### Dataset excerpt
• • • • •

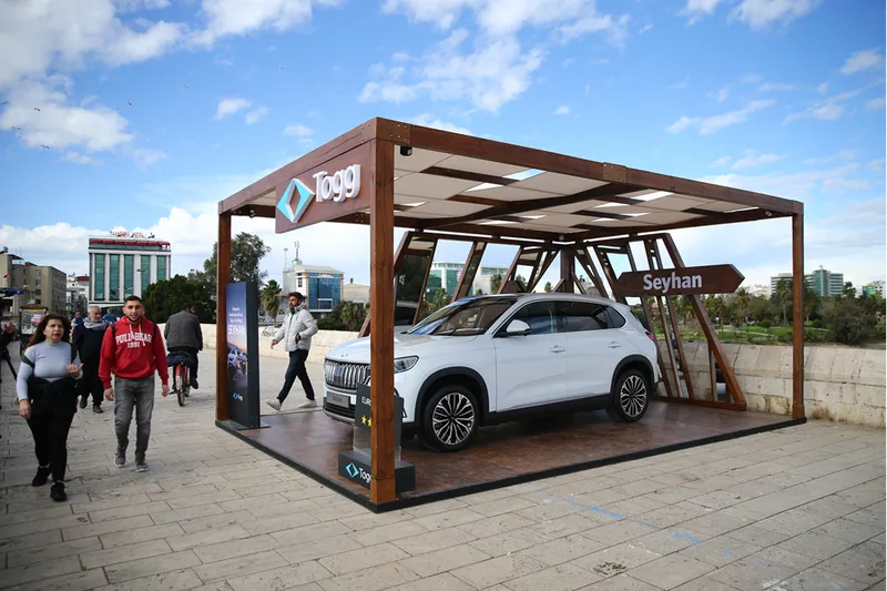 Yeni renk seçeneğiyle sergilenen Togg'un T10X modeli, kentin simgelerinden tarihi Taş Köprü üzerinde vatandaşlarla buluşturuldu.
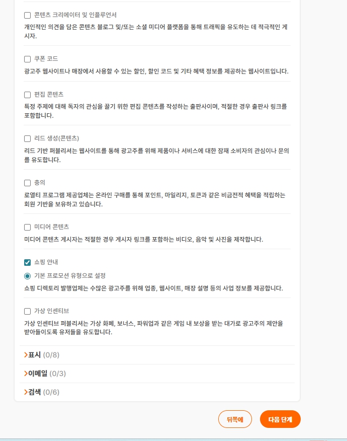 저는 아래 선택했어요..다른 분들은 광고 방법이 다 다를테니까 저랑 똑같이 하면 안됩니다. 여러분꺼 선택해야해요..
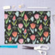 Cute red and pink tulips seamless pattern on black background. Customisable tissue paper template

• • • • •

### Try it
Only the pictures are to be left out, and all of the data must otherwise be transcribed exactly.

### Output for this exercise
 Yeni renk seçeneğiyle sergilenen Togg'un T10X modeli, kentin simgelerinden tarihi Taş Köprü üzerinde vatandaşlarla buluşturuldu.
 저는 아래 선택했어요..다른 분들은 광고 방법이 다 다를테니까 저랑 똑같이 하면 안됩니다. 여러분꺼 선택해야해요..
 Cute red and pink tulips seamless pattern on black background. Customisable tissue paper template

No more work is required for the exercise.